**Task requirements**:
The part below that opens with the line containing "The classic French" and closes with the line containing "Hydro Heel Protective" should be copied exactly, minus any pictures.

** Opening Data supplied block **

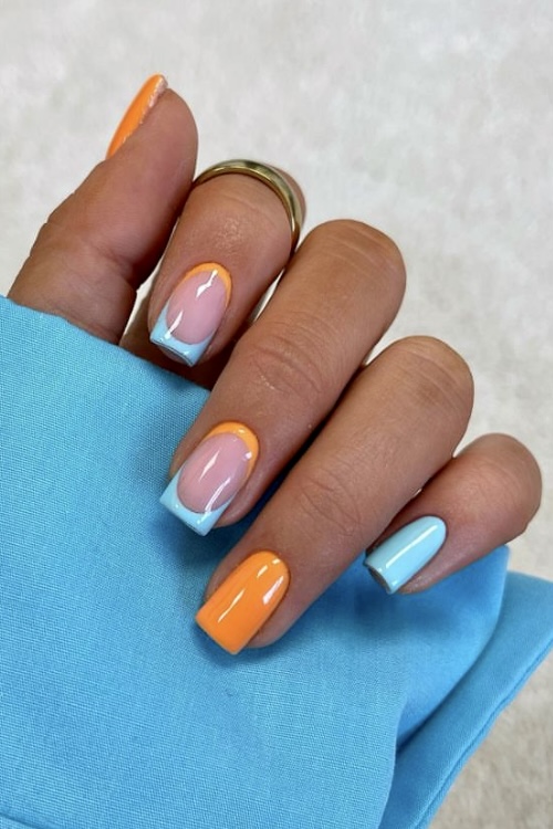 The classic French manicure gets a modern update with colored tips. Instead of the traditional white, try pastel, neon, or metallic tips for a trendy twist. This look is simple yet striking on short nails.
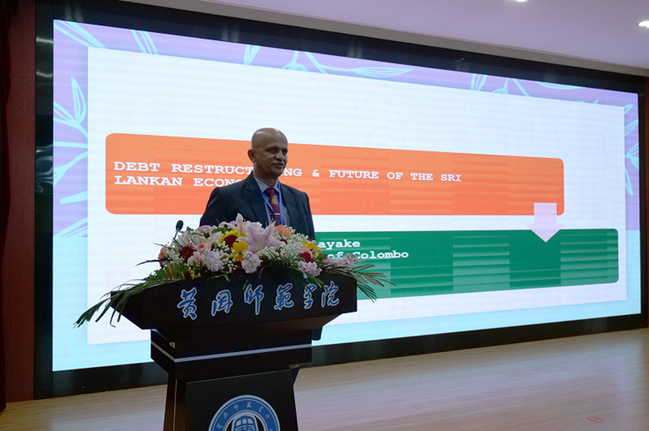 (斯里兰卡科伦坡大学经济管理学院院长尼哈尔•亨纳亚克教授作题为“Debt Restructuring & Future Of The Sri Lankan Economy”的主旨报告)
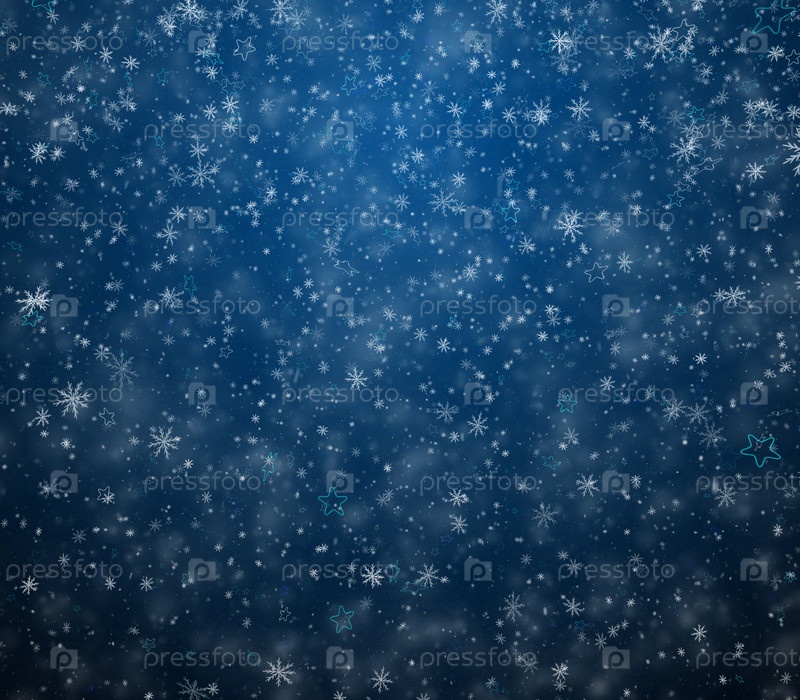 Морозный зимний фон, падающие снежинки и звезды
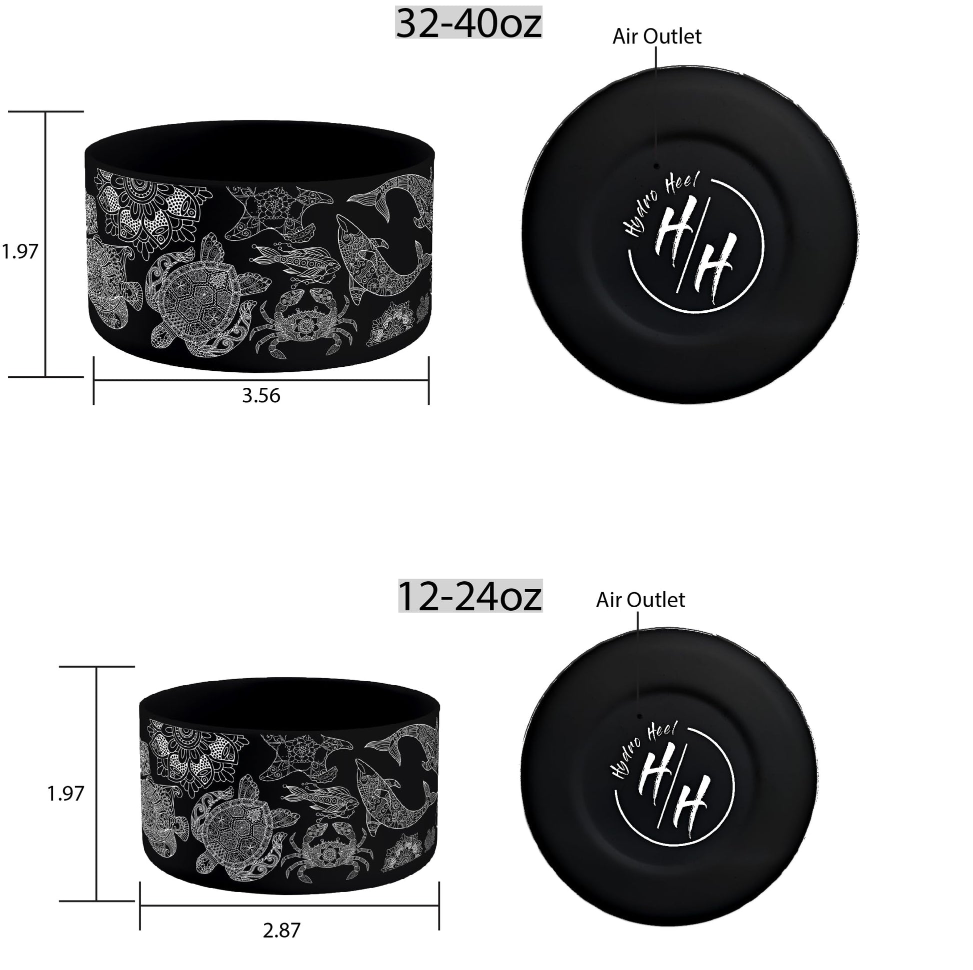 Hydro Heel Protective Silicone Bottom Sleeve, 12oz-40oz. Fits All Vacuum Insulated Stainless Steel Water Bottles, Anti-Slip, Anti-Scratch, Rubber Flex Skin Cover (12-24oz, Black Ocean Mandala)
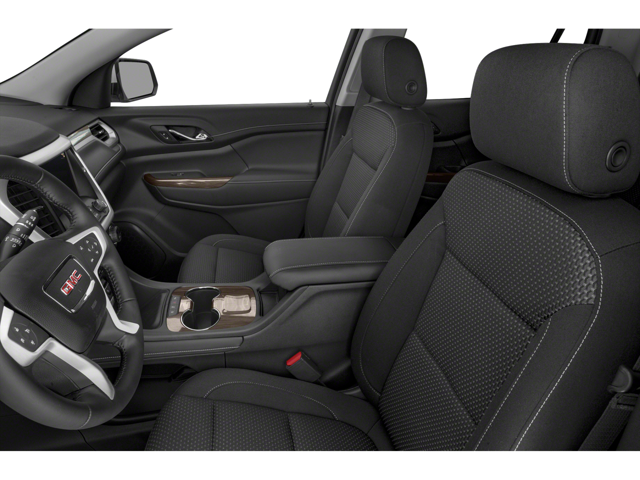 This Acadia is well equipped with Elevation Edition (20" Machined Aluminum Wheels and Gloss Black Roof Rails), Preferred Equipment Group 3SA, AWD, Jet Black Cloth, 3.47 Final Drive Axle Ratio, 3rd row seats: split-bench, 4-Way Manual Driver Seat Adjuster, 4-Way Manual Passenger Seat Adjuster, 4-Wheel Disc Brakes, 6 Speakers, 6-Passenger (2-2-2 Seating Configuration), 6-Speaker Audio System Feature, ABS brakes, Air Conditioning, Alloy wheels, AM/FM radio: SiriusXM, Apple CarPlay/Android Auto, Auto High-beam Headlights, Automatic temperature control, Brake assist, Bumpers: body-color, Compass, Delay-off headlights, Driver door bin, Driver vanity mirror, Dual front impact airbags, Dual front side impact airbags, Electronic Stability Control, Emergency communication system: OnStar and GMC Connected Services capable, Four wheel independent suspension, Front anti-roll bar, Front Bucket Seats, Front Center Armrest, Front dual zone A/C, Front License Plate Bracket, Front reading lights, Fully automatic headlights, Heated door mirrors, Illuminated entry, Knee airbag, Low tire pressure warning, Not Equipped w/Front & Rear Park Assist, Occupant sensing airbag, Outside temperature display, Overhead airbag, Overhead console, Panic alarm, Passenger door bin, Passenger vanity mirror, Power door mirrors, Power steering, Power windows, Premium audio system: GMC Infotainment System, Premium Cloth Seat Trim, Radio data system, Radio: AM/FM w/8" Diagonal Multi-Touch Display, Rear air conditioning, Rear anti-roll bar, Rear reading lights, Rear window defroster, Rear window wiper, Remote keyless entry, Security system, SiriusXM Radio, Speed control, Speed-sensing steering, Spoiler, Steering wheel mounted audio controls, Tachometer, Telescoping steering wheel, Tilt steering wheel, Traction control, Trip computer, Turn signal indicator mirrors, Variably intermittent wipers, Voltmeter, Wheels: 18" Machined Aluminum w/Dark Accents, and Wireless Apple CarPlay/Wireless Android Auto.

** Closing Data supplied block **
** Opening Data supplied block **

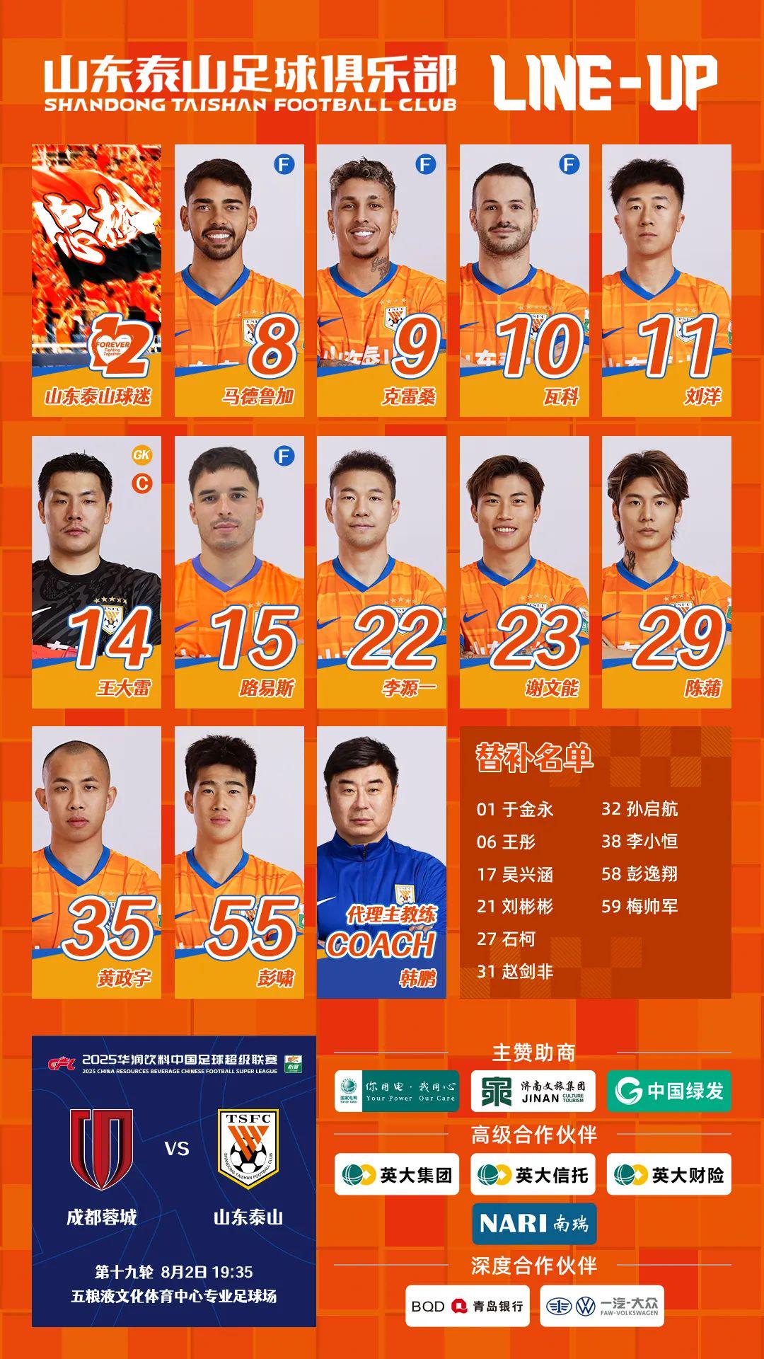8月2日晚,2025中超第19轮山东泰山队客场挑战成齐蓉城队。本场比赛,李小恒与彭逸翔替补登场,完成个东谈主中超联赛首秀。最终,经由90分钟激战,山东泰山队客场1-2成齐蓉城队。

** Closing Data supplied block **
** Opening Data supplied block **

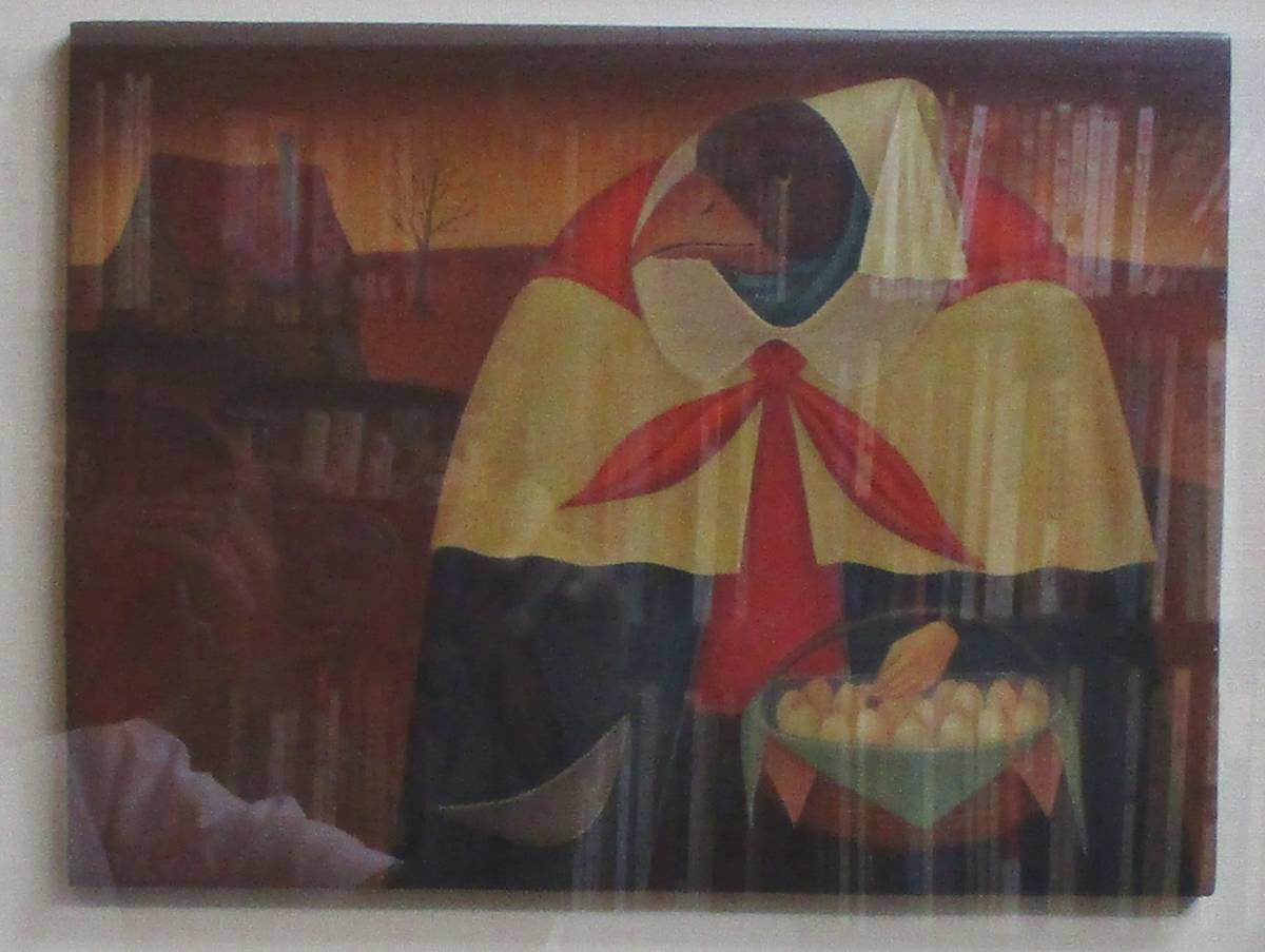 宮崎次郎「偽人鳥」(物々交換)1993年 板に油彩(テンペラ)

** Closing Data supplied block **

**Answer to this task**:
 The classic French manicure gets a modern update with colored tips. Instead of the traditional white, try pastel, neon, or metallic tips for a trendy twist. This look is simple yet striking on short nails.
 (斯里兰卡科伦坡大学经济管理学院院长尼哈尔•亨纳亚克教授作题为“Debt Restructuring & Future Of The Sri Lankan Economy”的主旨报告)
 Морозный зимний фон, падающие снежинки и звезды
 Hydro Heel Protective Silicone Bottom Sleeve, 12oz-40oz. Fits All Vacuum Insulated Stainless Steel Water Bottles, Anti-Slip, Anti-Scratch, Rubber Flex Skin Cover (12-24oz, Black Ocean Mandala)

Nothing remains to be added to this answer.